Overall, the studies identified for inclusion in the data analysis had comparable parameters concerning the reporting of the FMA-UE score, typically reported by an average and standard deviation over the control group. However, the timeline of the assessments obtained from participants and the nature of the intervention on the control group varied across studies. Some studies did not report the standard deviation (SD) for the control group outcomes directly. In such cases, we estimated the SD by either dividing the interquartile range (IQR) by 1.35 (19) or applying the range rule, which converts the sample range into an SD estimate (7).

Figure 1 illustrates the timeline of rehabilitation and assessment in a typical scenario in which the intervention occurs at least 3 months after a stroke. In all included studies, FMA-UE was assessed prior to (i.e., pre) and immediately after (i.e., post) general exercise rehabilitation therapy. Therefore, the serial change ΔFM in terms of FM score was computed as the difference between $F M_{p r e}$ and $F M_{p o s t}$ . Some studies included additional follow-up assessments that were also recorded in terms of FMA-UE scores. However, to ensure consistency in the current analysis, we did not include those additional FMA-UE scores as part of our data analysis.

Figure 1

Timeline illustrating a period surrounding a stroke event. The timeline features pre-stroke and post-stroke phases with arrows indicating a duration of more than three months. A gray box labeled \

Figure 1. Timeline of evaluation. The control group of the studies included in this study underwent general physical activity. Upper extremity motor status was assessed before the start of the study (i.e., pre) and immediately after (i.e., post).

2.2 Fugl-Meyer assessment of upper extremity (FMA-UE)

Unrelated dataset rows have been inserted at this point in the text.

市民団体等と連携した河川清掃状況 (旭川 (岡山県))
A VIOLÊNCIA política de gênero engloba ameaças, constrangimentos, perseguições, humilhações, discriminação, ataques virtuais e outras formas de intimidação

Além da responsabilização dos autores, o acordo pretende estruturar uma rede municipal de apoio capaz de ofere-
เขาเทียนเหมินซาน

Individuals with chronic stroke comprise a heterogeneous population with a wide range of upper extremity motor impairments. To facilitate planning treatment and evaluation of progress in a clinical, research, or community setting, stroke survivors require thorough assessment. While both research and clinical guidelines lack consensus on a primary outcome measure, the FMA-UE (or simply FM) scale of motor impairment is the most used assessment for measuring post-stroke impairment within the research context.

The FMA-UE scale has been used as an inclusion criterion, as the basis for stratifying study subjects based on motor deficit severity, and as an outcome measure for clinical trials. Recent studies (8–12) have compared assessment tools, including the FMA-UE scale, to determine the optimal method to evaluate post-stroke impairment and demonstrated its reliability, validity, and sensitivity to treatment-related change.

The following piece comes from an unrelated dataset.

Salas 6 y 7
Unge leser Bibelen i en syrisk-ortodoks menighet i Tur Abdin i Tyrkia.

The FMA-UE has four subsections: (1) shoulder-arm, (2) wrist, (3) hand, and (4) coordination and speed. They are designed to measure impairment from proximal to distal and from synergistic to fractionated voluntary movements. The four subsections are performed in an ascending numerical order that approximates the sequence of recovery post-stroke. Each of the 33 items that constitute the FM is scored on an ordinal scale: 0 (absent), 1 (partial impairment), or 2 (no impairment), which in sum results in a range of possible scores from 0 to 66.

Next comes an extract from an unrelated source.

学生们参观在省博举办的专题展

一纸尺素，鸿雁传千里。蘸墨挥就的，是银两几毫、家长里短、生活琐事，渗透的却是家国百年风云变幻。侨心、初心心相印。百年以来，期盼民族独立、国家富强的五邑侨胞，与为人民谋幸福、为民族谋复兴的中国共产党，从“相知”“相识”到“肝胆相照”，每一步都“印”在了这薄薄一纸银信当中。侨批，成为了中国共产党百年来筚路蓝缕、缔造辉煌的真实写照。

2.3 Longitudinal aggregate data analysis

The data extracted from the results reported in each study allow the effect size and its variance to be computed for each control group. The effect size corresponds to a standardized mean difference (SMD) that quantifies differences between a baseline and a follow-up FMA-UE assessment in standard deviation units. The value for SMD is calculated so that positive values indicate that the group of subjects that received standard rehabilitation care in each study demonstrated improvement over time in terms of FMA-UE score. The SMD is also known as Cohen's d. The general formula used to compute SMD and its variance follows:

S M D = \frac{\bar{F M_{t 1}} - \bar{F M_{t 2}}}{S D_{p o o l e d}}

S D_{p o o l e d} = \sqrt{\frac{s_{1}^{2} + s_{2}^{2}}{2}}

v a r (S M D) = \frac{n_{t 1} + n_{t 2}}{n_{t 1} \times n_{t 2}} + \frac{S M D^{2}}{2 (n_{t 1} + n_{t 2})}

S E (S M D) = \sqrt{\frac{v a r (S M D)}{n_{t 1} + n_{t 2}}}

Where $\bar{F M_{t 1}}$ and $\bar{F M_{t 2}}$ are the average FMA-UE assessment for the control group at baseline and follow-up, respectively. $S D_{p o o l e d}$ is the standard deviation of the serial difference. Here, var(SMD) and SE(SMD) denote the variance and standard error of SMD, respectively. For some studies, it was necessary to derive the standard deviation from the 95% confidence interval or the interquartile range employing appropriate conversion. The data analysis consisted of computing the individual effect size of each of the 20 studies (Table 1).

Table 1

Table 1. Summary statistics of the studies computed in our data analysis, including sample size, average Fugl-Meyer assessment of upper extremity (FM) at baseline and post-standard rehabilitation care, serial change in FM between baseline and post, and effect size in terms of standardized mean difference and standard error.

Table 2

Table 2. Summary of studies included in this data analysis regarding study name, sample size, duration between assessments, number of rehabilitation hours, and type of rehabilitation provided.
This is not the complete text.